# Ready for another? Chicken Pot Fattie Pie!!! Q-view



## forluvofsmoke (Jun 24, 2009)

I'm having so much fun smoking lately that I decided to kick things up a bit. And, hey, we get to eat what I like doing!!!!!!!!!

I knew by about 10:00 AM today that I would be off work early enough to do a shorter smoke...but, what shall I smoke?

Today was a toss up...1 huge or 2 small fatties...no wait, maybe....YEAH....lets do another pie!!!!!

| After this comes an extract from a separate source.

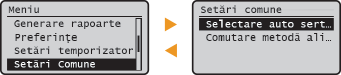 Puteţi modifica mai multe setări cu privire la afişaj, precum viteza de derulare sau limba de afişare:
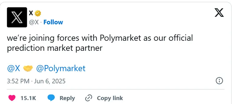 On June 6, 2025, X, which is owned by tech magnate and Tesla CEO Elon Musk, announced its partnership with Polymarket. The company announced the collaboration through its platform account.

The chicken used for this is from a whole bird I smoked 2 days ago...so I'm gonna kill a little bit of leftovers tonight 
	

	
	
		
		



		
			






. The sausage was thawed yesterday, and I didn't use it up...glad I didn't...now I get to do another pie! 
	

	
	
		
		



		
		
	


	





This is a layered pie instead of having mixed ingredients, so it should be pretty interesting when it goes under the knife.

Ingredients:










Steamed Rice is in the covered pot:





Starting the Bacon Weave:





Rendering the bacon down some with the best grill press I could come up with:










Starting to layer in the fillings:















Ready to slap on a cover:





Cross your fingers....





Another successful pan and poly wrap pull:





The bacon weave, not perfect, but it'll work:





Just into the Smoke Vault on the top reack for the highest heat, with 3 small chunks of Mesquite @ 210*:





Thermo probe on the left side of the rack next to the beast:






Along with a couple of half slabs of spares to reheat, and a slew of oven therms.
These were frozen for a month and the thaw started 2 days ago in the refer.





I'm still watching rack temp VERY CLOSELY, as I haven't yet identified the problem with hot/cool spots yet. I did open the lower left vent all the way, as that side was running about 75-100* hotter, and that evened it out from left to center. Now the right side is a bit on the cool side. At least I got it to head in the right direction.

I added 3 more small chunks and bumped the temp up to 275 after the first 50 minutes.

It should be just about time to stab a probe in and start monitoring I/T now...been in over 1-1/4 hours.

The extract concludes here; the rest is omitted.